An Expert encouraged Monaco to ratify the Convention on the Rights of Persons with Disabilities and to ensure that disabled persons were fairly treated, particularly concerning health care and that psychiatric services were based on free and informed consent.

A Committee member commented on the peculiar situation in Monaco concerning its relationship with France. Could individuals not domiciled in Monaco, either refugees or those on a temporary visit, utilize judicial remedies to protect human rights? The Expert asked for clarification on the treatment of detainees sentenced in Monaco and handed over to France to serve their sentence, was there monitoring of foreigners handed over to France for detention and had any visits, currently under negotiation, occurred? If a prisoner who was sentenced in Monaco made a complaint against a prison official in France, which Government would rule on it?

An Expert commented on the statistics provided by Monaco. There were 40 people, between 2004 and 2010 who were transferred to Nice, France to carry out their detention; of these 19 were French, 28 were European, 8 were Africans, and the remaining from other parts of the world. Were these people informed of their rights in France? The general trend was of more people being sent in 2007 and 2008 and for longer periods of confinement. For example, in 2007 there was a person from the United Kingdom transferred to France to serve an 8 year sentence after having spent more than 2 years in detention in Monaco; could the delegation provide more details on him? Were there any issues arising from the way prisoners were treated in France, had there been complaints? An Expert asked for an update on the negotiations to permit monitoring by Monaco authorities of individuals sent to French prisons.

A Committee member asked if there were steps to encourage women to participate in Government and requested the delegation to explain further the challenges of adopting the Optional Protocol.

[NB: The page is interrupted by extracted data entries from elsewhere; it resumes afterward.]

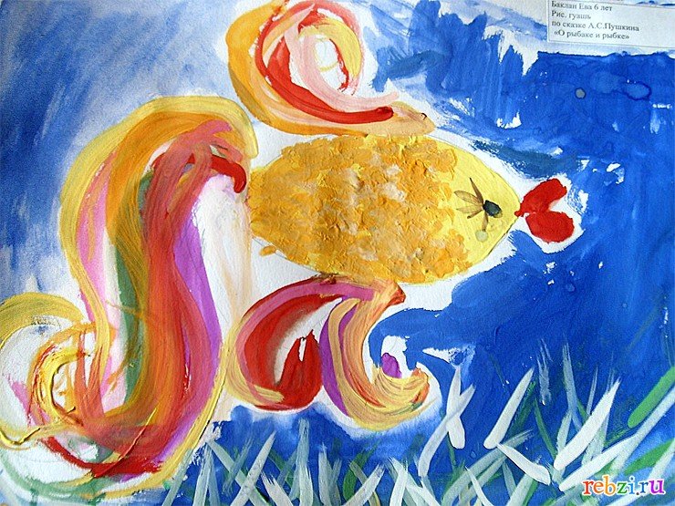 ![Рисунок к сказке Пушкина Золотая рыбка детский сад]()
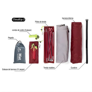 Compacta e funcional, com armazenamento de apenas 40x13cm, a Cloud Up 2 Verde Militar é a companheira ideal para trilhas, montanhas e expedições. Sua estrutura ultraleve em alumínio permite montagem rápida e firmeza superior — mesmo sob vento forte ou terreno irregular.
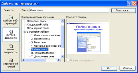Выведите на экран слайд «Виды окон» . Выделите текст «Окна папки» . Выполните команду меню Вставка - Гиперссылка. В области Связать с выберите местом в этом документе, выделите в списке строку с названием слайда «Окна папки» . Нажмите ОК.
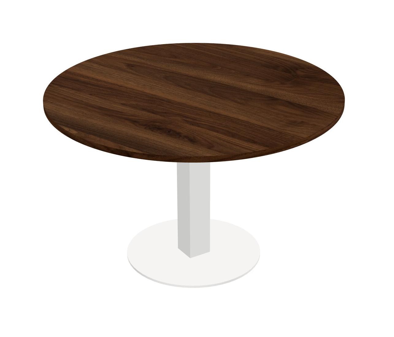 Modular Office, Restaurant, Cafeteria, Lunch Room & Food Service Table With Columbia Walnut Tabletop & White Square Leg & White Round Base Plate
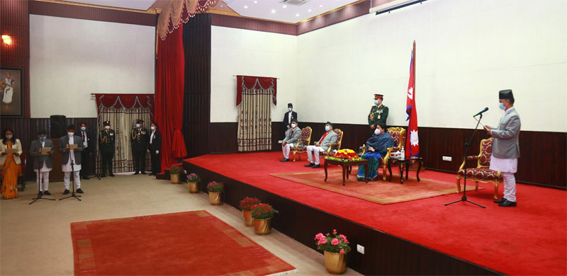 आज शितलनिवासमा विशेष समारोहबीच राष्ट्रपति विद्यादेवी भण्डारीकाे उपस्थितिमा उनीहरूलाई शपथ गराइएको हो।
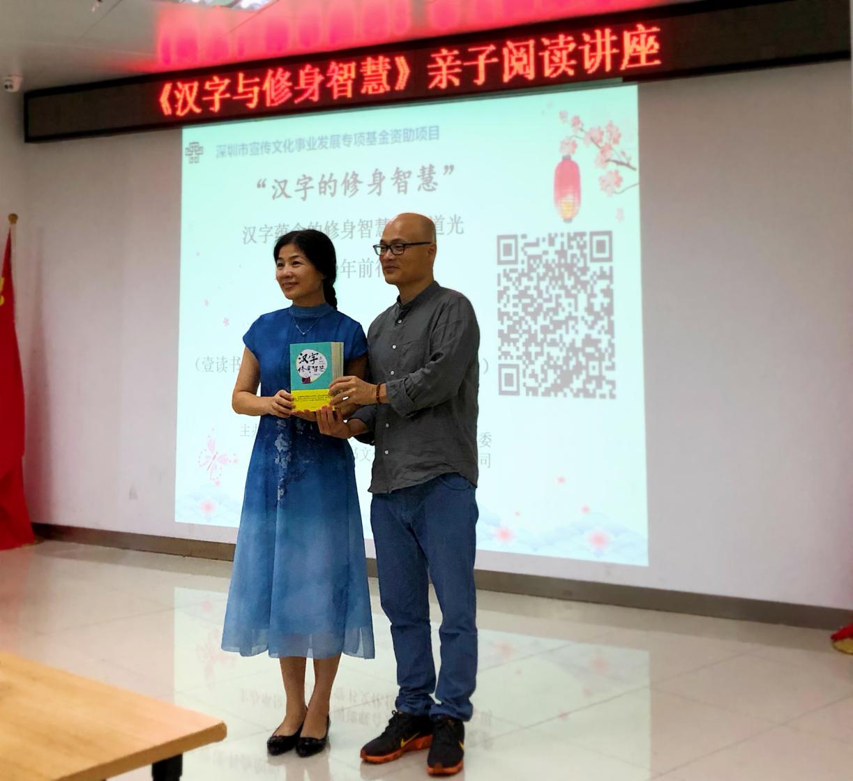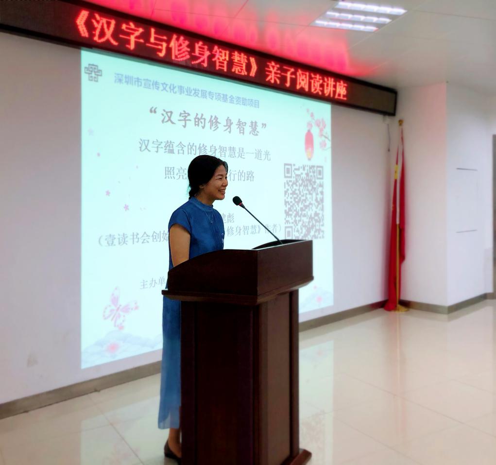 8月23日,首場(chǎng)公益講座“漢字蘊(yùn)含的修身智慧是一道光,照亮青少年前行的路”在龍湖社區(qū)黨群服務(wù)中心舉辦。講座由深圳市閱讀聯(lián)合會(huì)、深圳市壹書文化傳播有限責(zé)任公司、龍湖社區(qū)黨委共同主辦。講座開(kāi)始前,活動(dòng)室坐滿了對(duì)傳統(tǒng)文化感興趣的青少年和他們的家人。每位小朋友都拿到了工作人員發(fā)放的《漢字與修身智慧》一書,并在家長(zhǎng)的陪同下迫不及待翻開(kāi)書籍,感受其中圖文并茂的漢字故事。龍湖社區(qū)黨委羅黎靜書記擔(dān)任本次講座的主持人,通過(guò)話家常開(kāi)場(chǎng),告訴聽(tīng)眾漢字蘊(yùn)含的智慧無(wú)窮無(wú)盡,點(diǎn)燃了在場(chǎng)的家長(zhǎng)和小朋友們與主講嘉賓互動(dòng)的激情。
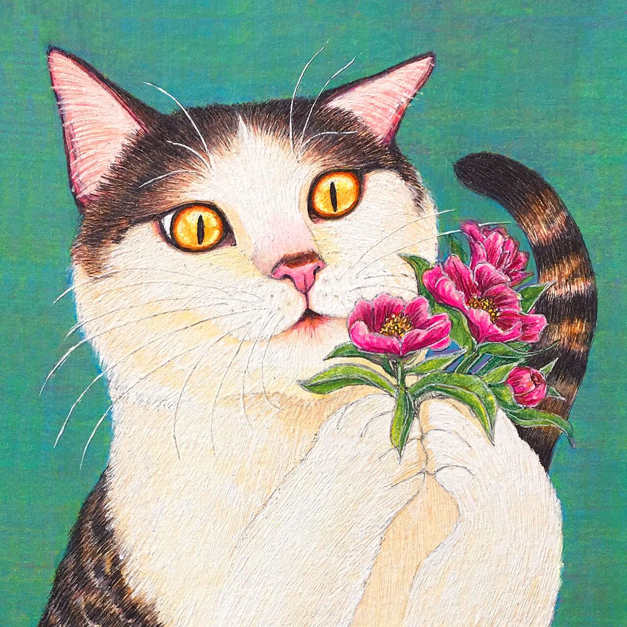 毛の一本一本を何色ものペンで描き上げた細密画の質感をお楽しみください。
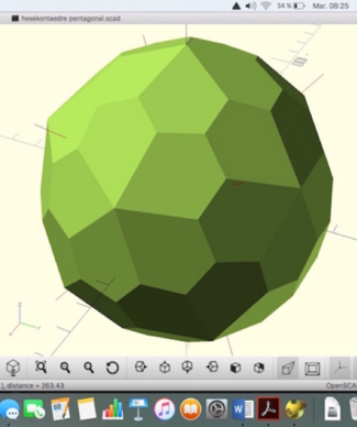 Vieressä FreeScad kuva yhdestä hämmästyttävästä monitahokkaasta. Se on Arkimedeksen monitahokkaan "snub cube" duaali. Se muodostuu 60:stä identtisestä viisikulmiosta, joilla on symmetria-akseli, kaksi samanpituista pitkää sivua ja kolme lyhyempää samanpituista sivua. Se voidaan valmistaa kahdesta osasta, jotka esittävät pohjoista ja eteläistä pallonpuoliskoa.
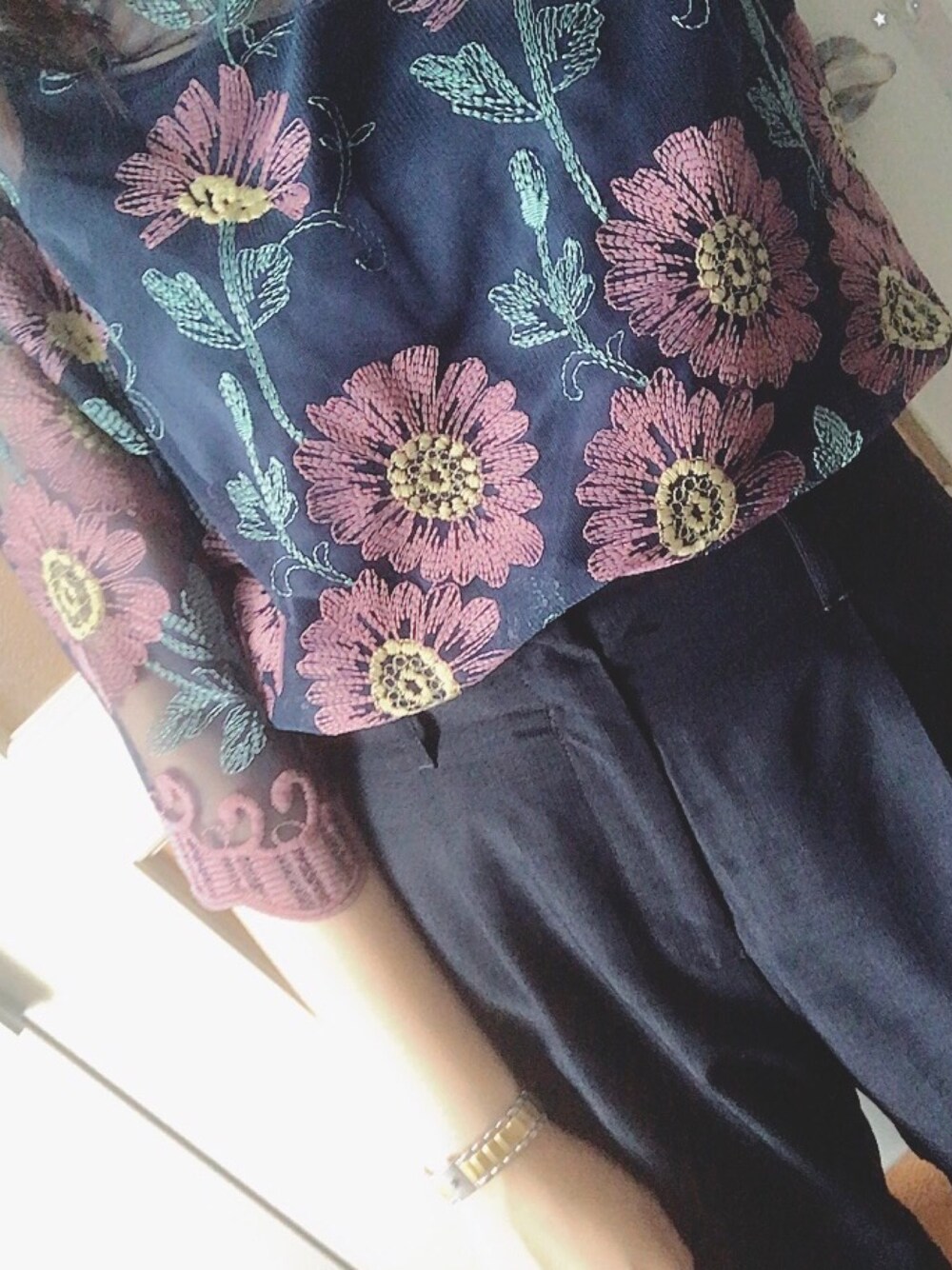 まるがおのシャツ/ブラウス「刺繍入りチュールレースプルオーバー」を使ったコーディネート
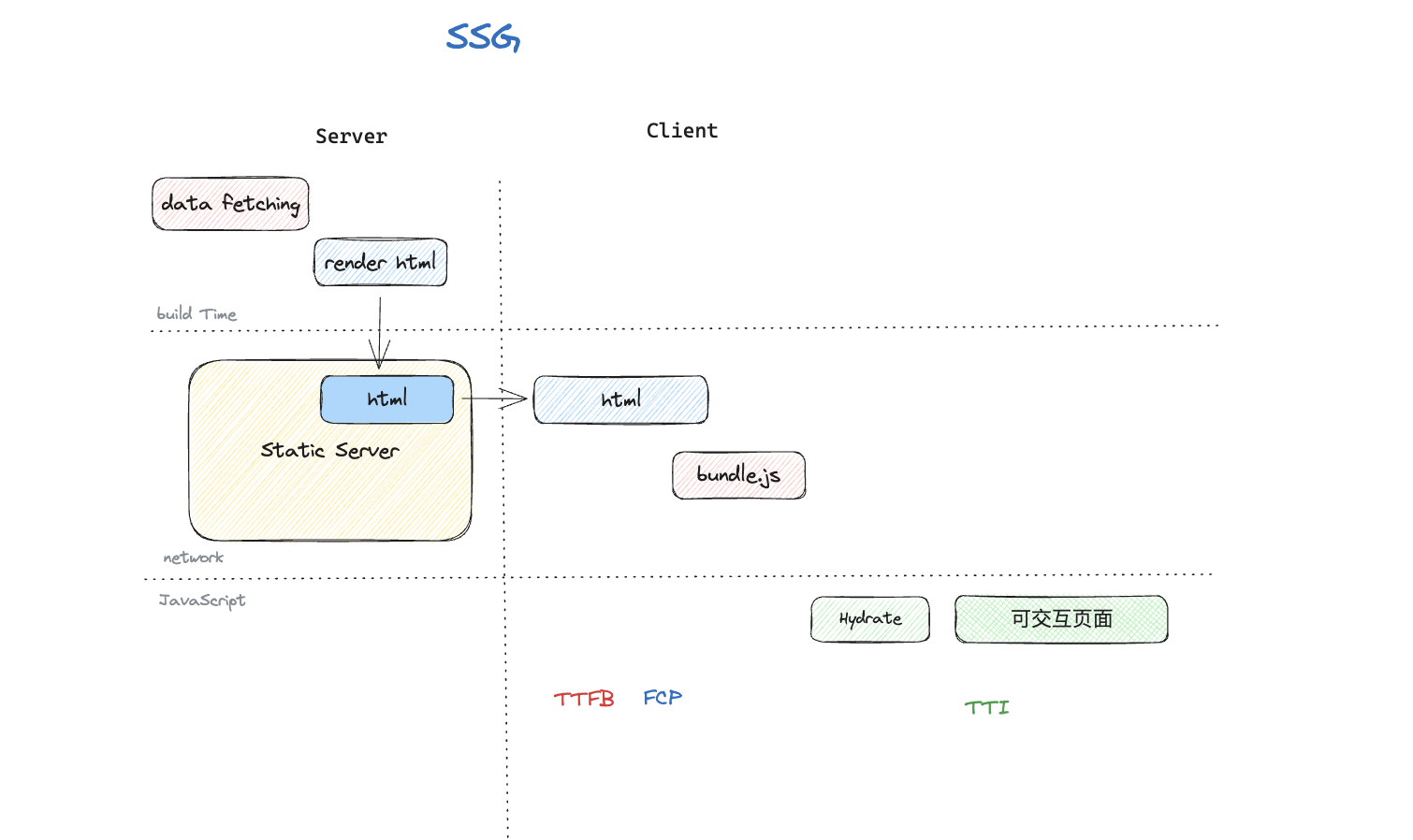 SSG(Static Side Generation)利用动态数据构建渲染,因为是静态的,部署在静态服务器即可。纯静态页面也可以使用 SSG 构建。
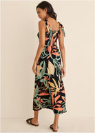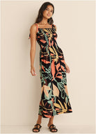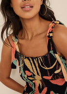 The is your LBD on vacation: still chic, but now with a tropical twist. Bold, abstract botanicals brighten up the black background while shoulder ties and a smocked bust give it a relaxed feel—the same one you get after hours spent in the sun. Clothes, they're just like us. * Sizes: XS (2), S (4-6), M (8-10), L (12-14), XL (16) * No closure * Sleeveless with tie shoulder straps * Smocked bodice * Unlined * By Lascana for VENUS * Fabric has stretch * Viscose. Imported

Response by the Delegation

PHILIPPE NARMINO, Director of Judicial Services of Monaco, made a general presentation of the situation of Monaco by stating it was classified as a micro state, less than 2 km2 of land and this imposed constraints on the composition of the social structure. The Principality was driven by the same 700-year old dynasty with 32,000 inhabitants, among which 8,000 had citizenship, which meant that the citizens were a minority in their own country. In Monaco there was an active enterprise sector with factories that produced material for the automobile industry, in addition to tourism and shipping. Monaco was an enclave in the French territory, there was a custom union with France and all electrical services come from France. The Principality received more than half of its State budget by value added tax, which was about 50 million euros per year. The only detention facility in Monaco was a small establishment where people stayed for a short period until they were transferred to the French penal system where they would be oriented to an appropriate detention facility across France. The prisoner would then only be connected to Monaco for two matters: a request for conditional freedom or a request for grace which would be passed on to Monaco for a decision. Concerning the United Kingdom prisoner, who had violently attacked shops in Monaco and was detained there for two years while applying to all possible recourse, he was sent to France and at the end of 2010 requested conditional freedom and as he had excellent behavior in France, Mr. Narmino personally granted the request and the prisoner was now free.